# Webcam-Chat im Applet (ChatRoulette Klon)



## RawBit (30. Okt 2012)

Hallo,

dauerlangweilig wie mir immer ist, wollte ich mich an einem Chatroulette Klon in Java versuchen.

Nach etwas Programmierarbeit war (und bin) ich auf dem Stand von Omegle (wers nicht kennt: Das is wie Chatroulette nur ohne Cam und Mic)

So, nun musste ich aber voll Schrecken erkennen, daß Java wohl doch nicht so leicht die Webcam handeln kann, wie anfangs gedacht... Na gut, ich hab zwar eine Lösung gefunden, die benötigt aber dll's und ich will das schon plattformunabhängig halten.

Mit JMF hab ichs probiert, aber damit kommt Java 7 anscheinend nicht zurecht.

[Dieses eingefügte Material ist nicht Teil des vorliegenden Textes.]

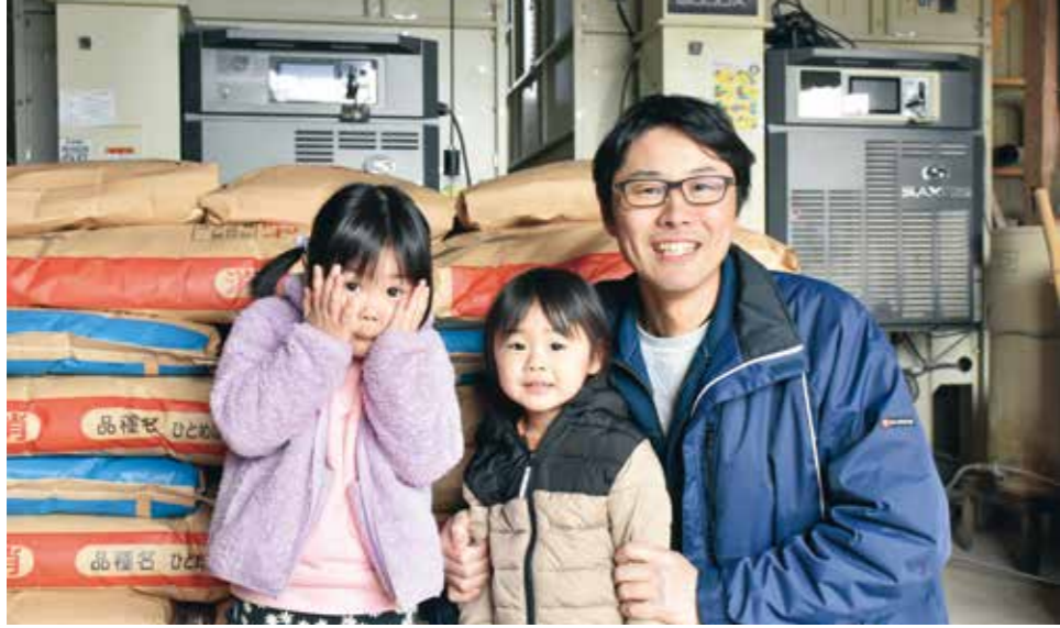
「子どもたちも農業が好きになってほしい」と話す康史さん

Gibt es eine Möglichkeit die Webcam über ein Applet anzusprechen ?

Dann würde ich die Bilder in einem Thread mit einer kleinen Verzögerung und dem ObjectStream per Server an den Client schicken.

Danke


----------



## tröööhöööt (30. Okt 2012)

kenne mich zwar so nicht mit den möglichkeiten aus die java von haus aus bereit stellt um auf sowas zuzugreifen ... aber ohne plattform-abhängige lib wird sich da wohl kaum was machen lassen ...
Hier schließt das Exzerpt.